Старичокъ въ недоумѣніи взглянулъ на него своими выцвѣтшими, слезящимися глазами.

— Въ чемъ-съ?.. Вы, пожалуйста, объясните. Я могу во всѣхъ направленіяхъ изобразить… это не трудно-съ!.. Теперь я легко пишу, руку набилъ, знаете, — пояснялъ старичокъ.

— Извините, меня ждутъ, — отрѣзалъ угреватый господинъ, нетерпѣливо пожимая плечами, и обратился во мнѣ съ вопросомъ: — Что вамъ угодно?

Старичокъ тоскливо поникъ головой и остался ждать, кажется, рѣшившись въ эту свободную минуту покончить со своимъ зубомъ.

— Позвольте васъ спросить, — пробормоталъ я, конфузясь и путаясь: — не могу ли я видѣть редактора?

— Вамъ что? — оглядѣлъ меня съ ногъ до головы угреватый господинъ довольно нахальнымъ взглядомъ и снова принялся рыться въ бумагахъ.

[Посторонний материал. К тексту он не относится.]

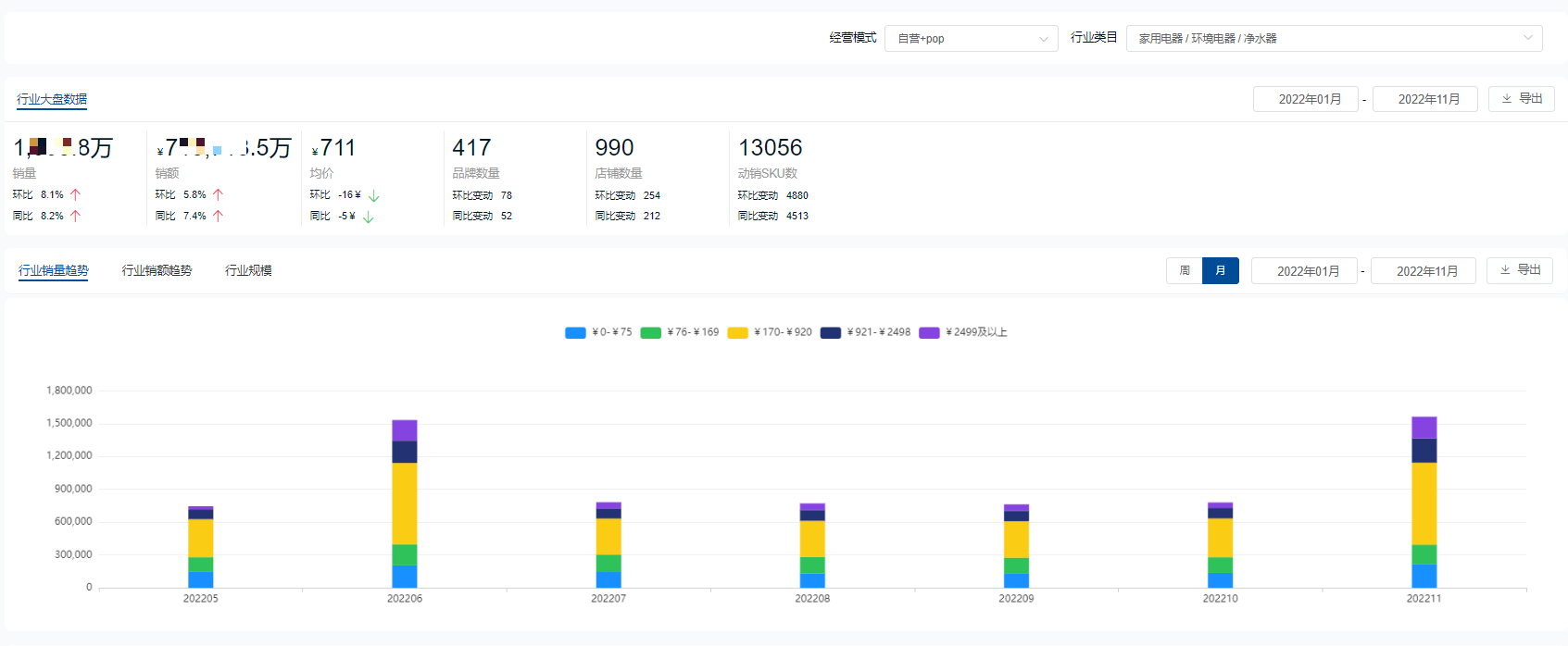 2022年在净水器领域小米品牌整体销售成绩,全年总销量超247万件,总销售额超11亿元。今年11月份,小米的销售成绩达到全年高,单月销量将近41万件,销售额超2.4亿元。目前在京东平台上,小米净水器的相关店铺共48家,每个月动销sku数量共631个。

Вопросъ былъ сдѣланъ такъ грубо, взглядъ, брошенный на меня, былъ такъ наглъ, что я невольно подумалъ: «Это, навѣрно, не геній, но ужъ во всякомъ случаѣ лицо, имѣющее немалый чинъ». Я подошелъ поближе къ столу, стараясь встать такъ, чтобы угреватый господинъ видѣлъ какъ можно менѣе мою одежду и совсѣмъ не видалъ носка моей лѣвой ноги, откуда совершенно некстати все болѣе и болѣе выглядывалъ большой палецъ.

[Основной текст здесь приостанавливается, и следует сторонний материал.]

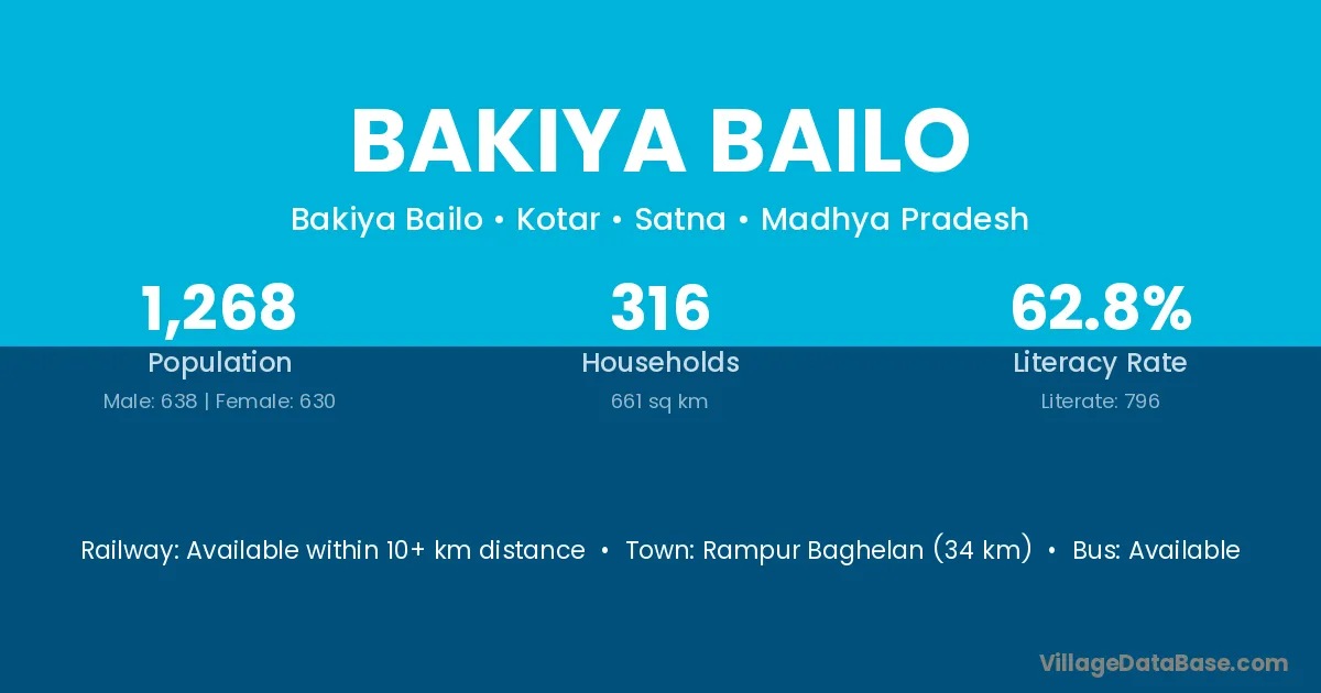 Bakiya Bailo village has a total population of 1,268 people, of which 638 are males and 630 are females.

— У меня рукопись, — промолвилъ я.

— Оставьте! Отвѣтъ черезъ двѣ недѣли, — коротко пробормоталъ угреватый господинъ, окончательно рѣшившійся переворотить всѣ до одной бумаги.

— Нельзя ли поскорѣй… Рукопись не велика, а мнѣ… — началъ я.

Я чуть-чуть не сказалъ, что мнѣ «нечего жрать».

— У насъ правило-съ! — рѣзко перебилъ меня угреватый господинъ внушительнымъ тономъ. — Мы не можемъ-съ дѣлать ни для кого исключеній!

Кровь бросилась мнѣ въ лицо отъ этого наглаго, канцелярскаго тона.

— А-а! у васъ, значить, насчетъ этого строго! — усмѣхнулся я. — Но мнѣ нужно бы поговорить съ редакторомъ.

— Редакторъ занятъ…

— Да вѣдь сегодня пріемный донь?

— Придите за отвѣтомъ черезъ двѣ недѣли, тогда и переговорите.

— Да тогда мнѣ и переговариваться будетъ не о чемъ…

— Это не мое дѣло.

Я начиналъ сердиться.

— А позвольте узнать, съ кѣмъ я имѣю-удовольствіе говорить? — спросилъ я довольно рѣзко.

— Я секретарь редакціи.

— А-а! протянулъ я, подумавъ: «не велика птичка, да ноготокъ востеръ, — далеко пойдетъ», и добавилъ вслухъ: — Я такъ и думалъ, что говорю не съ писателемъ, а съ служащимъ въ редакторской канцеляріи…

Угреватый господинъ побагровѣлъ и вскочилъ.

— Вы намѣрены дерзости дѣлать! — почти крикнулъ онъ. — Идите вонъ!

Кровь бросилась мнѣ въ голову, и на минуту я забылъ, что я нищій.

— Что это вы въ газетную замѣтку попасть хотите, что ли? — усмѣхнулся я, глядя на него въ упоръ.

Онъ мгновенно утихъ и перемѣнилъ тонъ. Онъ, вѣроятно, только теперь замѣтилъ и мой ростъ, и мои широкія плечи, и мои бурсацкіе кулаки.

— Но согласитесь сами, — началъ онъ гораздо тише.

— Ну, до соглашенія-то съ вами я, вѣрно, никогда не дойду, — сухо перебилъ я. — А вы будьте повѣжливѣе, вѣдь, можетъ-быть, еще встрѣчаться придется. Неловко будетъ…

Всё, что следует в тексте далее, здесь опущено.